How about a cactus massage? In Mexico you can get rubbed, whacked, stroked or whatever with a spineless cactus paddle and pay for it. The cost $245. It doesn’t say whether that is in peso’s or dollars

And for those of  you with more agrarian roots there is a Wet Hay Wrap in Italy where you get wrapped in wet hay harvested from the meadows of Alpe di Siusi between mid-July and early August then lie on a special 100° waterbed until they harvest you I guess. As a special bonus for those of you who make it you receive a foot treatment where a fish named the Garra Rufa eat away whatever may be lurking on your feet.

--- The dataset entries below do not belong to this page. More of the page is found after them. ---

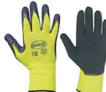
▲ DUICK HV schiuma di lattice traspirante antiscivolo colore: nero-giallo hv taglia: 8-9-10-11 E002.803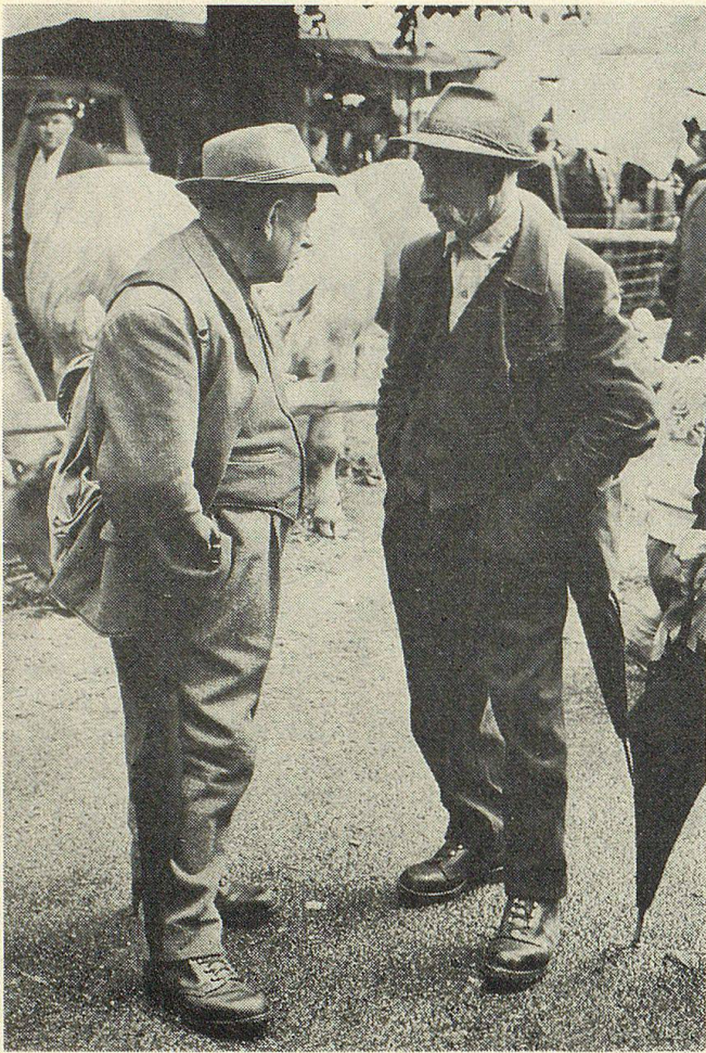
Stelldichein auf dem Viehmarkt

Die Epoche des Mittelalters war meist unsicher. Fehden des Hochadels, Brandschatzungen und Raubzüge von Söldnern plagten das Land. Da war es Aufgabe und Pflicht des Burgadels und der Ritter, den Kaufmannszügen und ihren Saumtierkolonnen sicheres Geleit und Schutz zu bieten.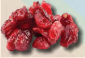
ARÁNDANO BOLSA DE 1KG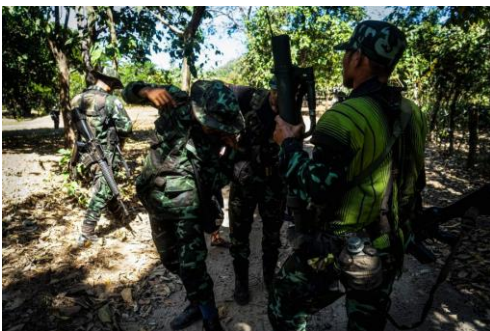
KNLA troops pictured in April (KNU)

The Karen National Union (KNU) is anticipating further battles in Karen State’s Myawaddy Township—which borders Thailand—after a large column of troops from the military-backed Border Guard Force (BGF) reportedly entered the region in recent days.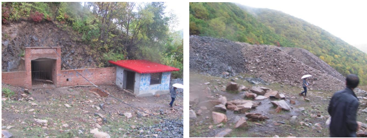
照片 4-1 PD1 工业场地及废石场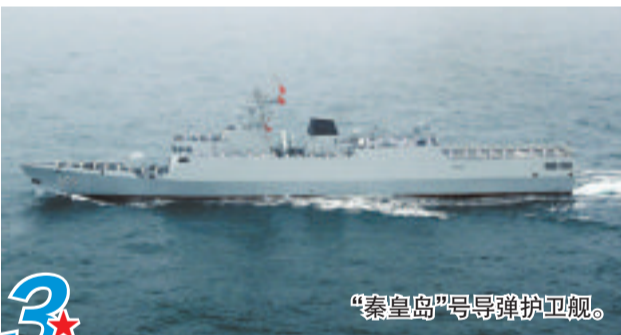
“秦皇岛”号导弹护卫舰。

贵阳舰:“贵阳”号导弹驱逐舰作为现代化防空驱逐舰,既被称为“带刀护卫”又被称为“中华神盾”。未来,新入列的贵阳舰也将迅速形成战斗力,与其它舰艇组成编队驰骋远海大洋。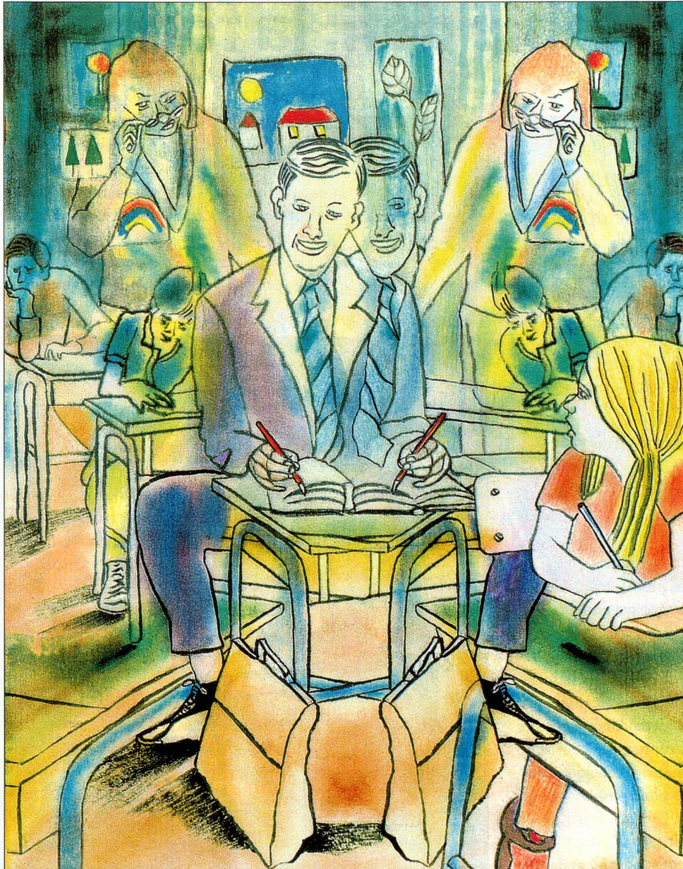
Illustration Eugen Bachmann-Geiser

On n'est jamais trop vieux pour s'asseoir sur un banc d'école.

I saved the most special treatment for last. That’s the Fanny Facial.  I know it seems like a contradiction in terms but that’s how it’s listed. In New York City, like where else except maybe most of California, can you get a fanny facial? I mean it’s strange even asking the question. What happens is you go in and ask for this deliberately, obviously they don’t just give you one without asking, then they perform a exfoliation of the fanny areas with a papaya-mint scrub, followed by a micro-current therapy where they apparently zap your hiney with low-voltage current to remove in their words, “any lumps or bumps from your butt”, then the whole business is finished with an organic spray tan so your fanny glows like the noon day sun. This has got to be special people. The cost was not revealed but I got to say it has to be worth it.

So those are just some of the treatments available to the Spa goer. Yes they may seem a little irregular to those who don’t frequent spas regularly or that only go to low rent ones where these special treatments aren’t available but our job is to bring you the newest and trendiest things out there, and these were certainly out there.

The ladies pictured above have just completed Yellowstone’s interpretation of a spa which is, as you can see, a snow spa, where you can spend a leisurely hour or two in the sub-zero waters of the Yellowstone river, then be rubbed down by brawny park rangers with snow before finishing the day next to a warm geyser. Upon asking we found that the Fanny Facial is not offered in Yellowstone.

There you have it. That’s the special weekend activities for you ladies. I’m sure you can’t wait to “hit the spa” as they say somewhere I’m sure. For you guys I might remind you that there’s a game on almost every minute of the weekend and beer in the fridge. Just give her the credit card and don’t ask.